In einem Wirtschaftsgebiet mit stürmischen Entwicklungsbedürfnissen, also
gewaltigem Kapitalbedarf, aber verhältnismäßig geringem Kapitalvorrat mußte
es besonders schwer werden, ein gewisses Gleichgewicht zwischen dem Bedarf
und den zu seiner Deckung zur Verfügung stehenden Umlaufsmitteln herzustellen.

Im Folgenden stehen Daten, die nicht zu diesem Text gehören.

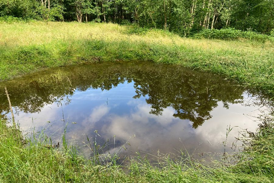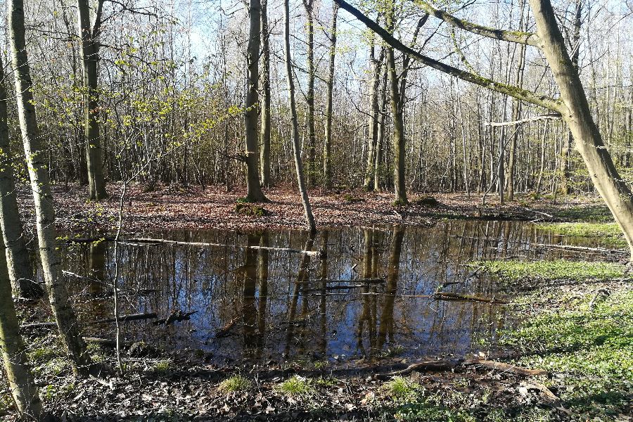 Die erzeugten lichten und ungleichaltrigen Bestandsstrukturen sind auch der Lebensraum der Bechsteinfledermaus. Um deren Ansiedelung zu fördern wurden 15 Nistkästen an den verbliebenen Randbäumen angebracht. Die im Bereich der entstehenden Waldwiese ehemals vorkommenden Feuchtbio-topbereiche waren verlandet und ökologisch tot. Die Wiederherstellung dieser Biotope ist sehr viel großzügiger erfolgt, um trotz zunehmenden Niederschlagsdefizit ausreichende Wasserreserven sicherzustellen und so die vollständige Entwicklung des Amphibienlaichs zu gewährleisten.

Ebenso schwierig war es, die Art und den Umfang dieser Umlaufsmittel so
dehnbar zu gestalten, daß sie den wechselnden und schwankenden Bedürfnissen
jederzeit zu entsprechen vermochten. Die Erfüllung beider Aufgaben wurde nicht
nur durch die beständig wechselnden Kreditbedürfnisse des Inlands, sondern auch
durch die an der Golddecke zerrenden Anforderungen des Auslands erschwert,
die beide mitunter, so im Jahre 1907, in stürmischster Weise gleichzeitig sich
meldeten.
Man ging zunächst, unter hervorragender Mitwirkung Kochs, daran, neben
einer Ordnung des Verhältnisses der Reichsbank zu den bestehenden, jedoch unter
dem Druck der Verhältnisse und der Gesetzgebung in immer größerer Zahl ein¬
gehenden Privatnotenbanken, die Grundlage der gesamten Geld- und Kredit¬
organisation durch Einführung der Goldwährung in immer festerer und sicherer
Weise zu gestalten. Aber jeder Schritt auf diesem Gebiete kostete schwere Kämpfe
gegenüber den im Besitz der politischen Macht befindlichen Vertretern des
Bimetallismus, die etwa zehn Jahre lang im Reichstag die Mehrheit hatten.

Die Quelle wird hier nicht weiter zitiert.